Philanthropy is not a substitute for federal food assistance at scale. But that's the position the sector is being placed in, and the foundations best positioned to respond will be the ones that understood this was coming and acted before the surge.
What readiness actually looks like
FRAC's playbook frames municipal readiness around 13 action steps. Several translate directly to foundation strategy. The first is understanding the full local impact before it arrives. How many of your grantees' clients are SNAP-dependent? What share of your food pantry grantees' clients will lose benefits under expanded time limits? Which ZIP codes in your service area are most exposed? Most foundations cannot answer these questions from their current reporting infrastructure. That gap is worth naming directly.
The second is coordination with philanthropy, which FRAC frames as a municipal responsibility but which foundations can lead proactively. The playbook pushes municipal leaders to bring foundations to the table, map where public funding will fall short, and build coordinated responses across city agencies, nonprofits, and philanthropy rather than leaving each sector to improvise separately. This is a different posture than waiting for local government l to convene you.
The third is data infrastructure. FRAC recommends tracking benefit losses, food insecurity, and retail closures in real time, and adjusting response based on emerging trends rather than lagging indicators. Traditional quarterly grantee reports will not surface this information fast enough to be useful.
The visibility question
This is where I want to be direct about something we hear consistently in conversations with foundations: the coordination challenge OBBBA creates is not new. It is an acceleration of something that was already true. Foundations have been managing food relief grantee networks with limited visibility for years. Quarterly reports, fragmented spreadsheets, anecdotal updates from site visits. That approach was imperfect when demand was stable. When demand spikes unevenly across a region, the cost of that information gap becomes much higher.
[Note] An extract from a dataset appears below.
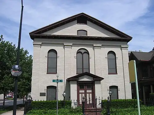 Between 1865 and 1867, the congregation built a two-story, Greek Revival synagogue building on the corner of South Centre and Union Streets. The building cost $7,427.02 to construct.[4] The facade is ornamented with four pilasters, a handsome pediment, and four very un-Greek Rundbogenstil, or round-arched, windows.[10] The building was constructed by local builder John B. Walton.[5]

Knowing which organizations are absorbing the surge, which neighborhoods have lost coverage because a key partner is overwhelmed, and where duplication is wasting scarce capacity, these are not nice-to-haves in a period of contraction. They are what separates a strategic response from a reactive one. It's part of why we built FastRoots: to give foundations real-time visibility into what's actually happening across their grantee networks, not just what showed up in last quarter's report.
The window before the surge
FRAC's core argument is simple: communities that build their response infrastructure now will be far better positioned than those that wait until demand has already overwhelmed their grantee networks. The same logic applies to foundations. The eligibility changes are already in effect. The cost shifts arrive next year. The demand surge is not speculative. It is a predictable consequence of a policy already signed into law. The question for foundation leaders isn't whether this is coming. It's whether your organization will have the infrastructure to respond to it strategically when it does.
The FRAC City Playbook is available at frac.org. It's 15 pages and worth the full read.